Recently I was on a call with a colleague and a couple heads of two groups that have been in some conflict together. They share a mission, a good one. They also have some background that has interrupted shared trust. The slippery slope from there, as is true in so many circumstances of the times we live in, is reactive blame and vitriol.

What to do? What to point to?

Well, I rely on good questions to create engagement and encounter. I rely on formats to hear and to be heard. To interrupt stuck patterns. I would suggest that the complexity of the times and circumstance require us all to develop skill for leaning in, even when we’ve reached exhaustion points that have us clamoring to run away.

With this group, and the early plans for bringing a larger group together, I found myself saying that four orientations are needed by people who will participate. These are in ways, very basic — yet their practice is a deep and significant commitment.

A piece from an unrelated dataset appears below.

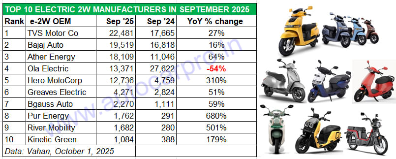 Ather Energy is maintaining its strong growth that it has displayed from the start of the year with a 17% market share last month. The smart e-scooter maker delivered 18,109 units, up 64% YoY (September 2024: 11,046 units). This also makes September 2025 Ather’s best sales month since its market entry in CY2018, beating the previous best of 18,069 units in August 2025. Its flagship Rizta family e-scooter, which surpassed 100,000 wholesale units 13 months after its launch in April, remains Ather’s key growth driver and currently contributes over 60% of its sales each month. This is noteworthy given that the three-variant flagship scooter is a premium product that stands out from the crowd.

Acknowledge Mystery — It does much good to enter a gathering in which conflict is apparent to acknowledge that there will always be some that is unknown. It’s rarely as simple as rearranging facts to get certainty and perfect cooperation. Most anytime that certainty minimizes or eliminates mystery, I would suggest we’ve lost an essential and skilled bridge to connection and trust.

Be Willing to Back Up — This is pretty connected to mystery. I keep telling people we have to be willing to go upstream, closer to the headwaters. Sometimes, such a backing up changes the landscape of what we are able to see. Backing up, however, isn’t a promise for resolution. Rather, I’d suggest it is a helpful disposition, sometimes just to create a bit more added compassion and grace together.

Explore Genuinely — OK, these are sounding quite similar. They are each woven and nuanced into each other. Exploration implies curiosity. It also implies invoking some wonder and some wander together, not just “winning” a point. It implies a commitment to find ourselves, and land ourselves in the story and perspective of another. It doesn’t require complete agreement. The exploration, and it’s energy of uncalcifying, is its own harvest that helps build and restore connection.

Bring Something Downstream — So often, I encourage bringing back an experiment. Or an improvement. Or a practice to begin. Something to try. Often something small that is infused by a shared wonder together — this can help unstick a group from judgement and hurt, pointing the way to journey and wellness. It can be the simple that changes everything. It can be the simple that moves the interior and reorients us to an exterior.

Well, I care about these people. I care about the conflict that they are in. I care most about their shared mission, and finding ways to restore their orientation to a gifting mutuality. To honor the conflict, but then to get on. It’s what all of us are trying to do, trying to reclaim what points us to the majestic view.